Understanding the capacity of unimproved grassland to deliver natural flood management

Abstract

Natural flood management (NFM) is an emerging form of land management which works with natural processes to reduce flood risk. The evidence basis for NFM schemes is immature but is growing, with wetland unimproved grassland being a particularly understudied ecosystem in need of evidence-based research. The research presented in this thesis aimed to assess the extent to which unimproved grassland, a formerly extensive habitat that has been greatly reduced by intensive agriculture, could provide NFM benefits. This study specifically focused on unimproved grassland in southwest England known as Culm grassland; comprising of purple moor grass (Molinia caerulea) and rush pasture (Juncus effusus). Improved grassland (Lolium perenne) fields were used as a comparison/control as the grassland species which now dominates North-west European agricultural landscapes.

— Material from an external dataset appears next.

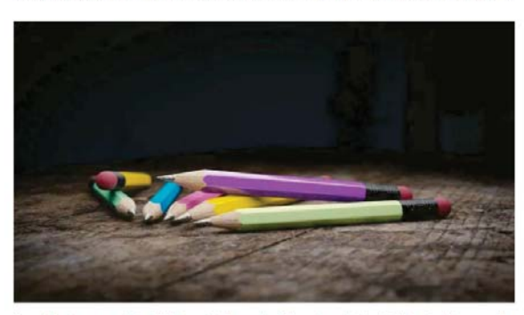
Texas will begin a program to test drinking water in thousands of elementary schools and child care facilities across the state.

Texas will begin a program to test drinking water in elementary schools and child care facilities across the state by 2024
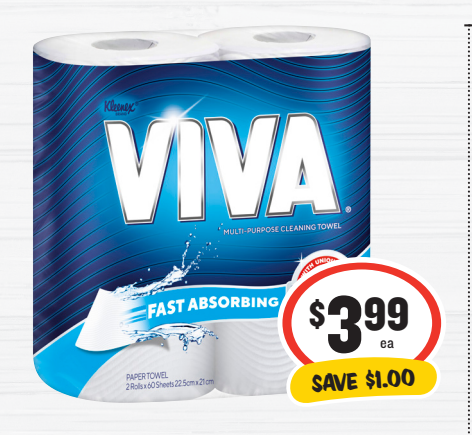
Kleenex Viva Paper Towel 2pk

The study was divided into four objectives spanning a range of spatial scales to gain a multi-scale understanding of unimproved grassland hydrology. Objective 1 focused upon soil and water table properties using soil sampling and water table monitoring via dipwells. Results showed that M. caerulea and J. effusus dominated fields had on average significantly less compacted soil and slowly released water after rainfall events, compared to the more compacted and flashier L. perenne dominated sites. The research was continued in Objective 2 which used a rainfall simulator to mimic a 40 mm/hr rainfall event over plots of the three grassland types. Results showed a significant relationship between soil compaction and when saturation was reached, but volume of runoff was likely influenced by vegetation density within each plot, as no clear relationship between grassland type and overland flow was found. Objective 3 quantified surface flow pathway length in a field of M. caerulea and L. perenne using an unpiloted aerial vehicle and structure from motion photogrammetry to produce a detailed surface model through which surface flow pathways could be measured. The M. caerulea field had on average 1.4 times greater flow pathway length than the L. perenne control field and a rougher round/vegetation surface which could delay and store surface water. All three field experiments fed into Objective 4: sub-catchment rainfall-runoff response modelling of the Upper Tamar. Scenarios of 0, 10, 20 and 30% unimproved grassland restoration were modelled to assess potential impacts on within river flood hydrographs. Results showed peak flow and peak volume were reduced with increasing unimproved grassland extent. The four objectives of this study showed that unimproved grassland restoration has a place in the NFM toolkit, and that unimproved grassland can deliver other environmental benefits such as greater carbon storage and a diverse habitat for wildlife.